Which twisted sicko cooked up the idea of the food chain?
Isn't so messed up that we're expected to go aound eating each other?


----------



## peacedove (Aug 15, 2004)

Well if God exists I guess that would be him. Which gives me another reason to think he is cruel.


----------



## boohoo (Aug 4, 2005)

Yes. That's true.

What do bible-bashers think of the food chain? Anyone?


----------



## Martinelv (Aug 10, 2004)

Generally, excluding the Buddhists, the religious think that animals were put on the earth to serve us, to provide us with food.

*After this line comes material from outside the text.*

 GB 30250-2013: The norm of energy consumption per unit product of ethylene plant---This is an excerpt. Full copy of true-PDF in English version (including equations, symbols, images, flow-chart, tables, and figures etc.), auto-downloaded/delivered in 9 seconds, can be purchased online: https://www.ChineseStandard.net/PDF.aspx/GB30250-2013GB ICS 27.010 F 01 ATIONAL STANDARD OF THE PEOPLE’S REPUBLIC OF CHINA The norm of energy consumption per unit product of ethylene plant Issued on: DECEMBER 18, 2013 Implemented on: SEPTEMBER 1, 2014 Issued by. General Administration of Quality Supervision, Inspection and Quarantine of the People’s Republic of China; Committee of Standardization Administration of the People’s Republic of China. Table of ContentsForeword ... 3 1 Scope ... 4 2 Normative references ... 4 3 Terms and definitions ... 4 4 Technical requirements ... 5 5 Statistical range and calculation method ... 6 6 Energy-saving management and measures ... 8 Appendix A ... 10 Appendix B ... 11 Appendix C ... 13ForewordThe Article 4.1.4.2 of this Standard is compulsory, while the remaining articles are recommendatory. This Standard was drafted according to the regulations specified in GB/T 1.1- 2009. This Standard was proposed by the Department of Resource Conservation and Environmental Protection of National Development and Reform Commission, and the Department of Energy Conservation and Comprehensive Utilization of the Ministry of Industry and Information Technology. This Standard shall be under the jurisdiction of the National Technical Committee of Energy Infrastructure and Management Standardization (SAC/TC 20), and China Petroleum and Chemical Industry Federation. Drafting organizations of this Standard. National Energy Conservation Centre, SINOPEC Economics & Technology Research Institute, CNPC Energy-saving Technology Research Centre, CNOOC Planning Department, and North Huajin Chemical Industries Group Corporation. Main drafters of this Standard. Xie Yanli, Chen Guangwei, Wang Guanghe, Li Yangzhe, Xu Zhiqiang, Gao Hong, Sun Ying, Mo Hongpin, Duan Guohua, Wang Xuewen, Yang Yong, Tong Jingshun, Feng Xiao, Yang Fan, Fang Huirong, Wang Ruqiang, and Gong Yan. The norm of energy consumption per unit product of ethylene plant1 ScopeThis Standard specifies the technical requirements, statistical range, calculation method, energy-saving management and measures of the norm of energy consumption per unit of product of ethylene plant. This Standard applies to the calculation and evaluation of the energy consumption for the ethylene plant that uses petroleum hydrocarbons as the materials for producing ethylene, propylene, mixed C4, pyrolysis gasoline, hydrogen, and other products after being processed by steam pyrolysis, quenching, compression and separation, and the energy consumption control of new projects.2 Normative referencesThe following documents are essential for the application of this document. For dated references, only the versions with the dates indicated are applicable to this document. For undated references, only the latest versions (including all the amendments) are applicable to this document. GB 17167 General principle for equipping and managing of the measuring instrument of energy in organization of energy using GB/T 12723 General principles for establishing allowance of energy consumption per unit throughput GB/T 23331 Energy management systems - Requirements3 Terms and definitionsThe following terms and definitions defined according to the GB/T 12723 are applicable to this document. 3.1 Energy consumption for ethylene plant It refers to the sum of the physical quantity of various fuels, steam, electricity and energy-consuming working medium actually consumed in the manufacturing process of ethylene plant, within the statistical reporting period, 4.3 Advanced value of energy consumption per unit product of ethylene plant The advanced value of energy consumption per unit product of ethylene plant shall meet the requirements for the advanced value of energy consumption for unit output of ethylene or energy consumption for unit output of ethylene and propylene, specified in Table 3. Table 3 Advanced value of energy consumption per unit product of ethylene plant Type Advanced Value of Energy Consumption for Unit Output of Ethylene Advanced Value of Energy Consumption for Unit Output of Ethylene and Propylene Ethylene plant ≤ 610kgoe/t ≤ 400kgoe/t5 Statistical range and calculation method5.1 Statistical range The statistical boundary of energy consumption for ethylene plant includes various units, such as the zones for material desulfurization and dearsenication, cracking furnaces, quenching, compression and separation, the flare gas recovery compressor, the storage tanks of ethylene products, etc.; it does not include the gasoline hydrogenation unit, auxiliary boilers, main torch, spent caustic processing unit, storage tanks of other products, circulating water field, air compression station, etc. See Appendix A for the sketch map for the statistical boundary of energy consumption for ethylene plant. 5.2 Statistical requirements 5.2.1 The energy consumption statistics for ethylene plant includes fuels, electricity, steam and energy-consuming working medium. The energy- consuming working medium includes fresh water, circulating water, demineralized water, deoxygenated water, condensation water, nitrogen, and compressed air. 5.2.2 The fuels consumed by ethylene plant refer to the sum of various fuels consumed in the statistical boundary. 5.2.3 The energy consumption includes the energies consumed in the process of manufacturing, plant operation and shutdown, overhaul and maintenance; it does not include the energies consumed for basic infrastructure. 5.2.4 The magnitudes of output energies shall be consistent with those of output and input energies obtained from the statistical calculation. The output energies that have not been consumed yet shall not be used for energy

The food chain is just part of natural evolution.


----------



## boohoo (Aug 4, 2005)

Well, it's a shame I haven't had any thoughts from those who believe in God. 
Interesting, that. 
I'm not trying to slate anyone's religion, far from it. But I've been thinking a lot recently about how horrid it seems that we're expected to kill others in order to survive.
Oh well. I'll ask the Jehova's Witnesses what they think about it, next time they call round my house. Bon idee?


----------



## peacedove (Aug 15, 2004)

I'm pretty sure I believe in God... he just seems cruel at this time in my life. Hopefully this will change and I can be one of those happy Christians.


----------



## falling_free (Nov 3, 2004)

Life feeds on life, energy needs energy to survive, tis the way of the world. there is hierachy in every system.


----------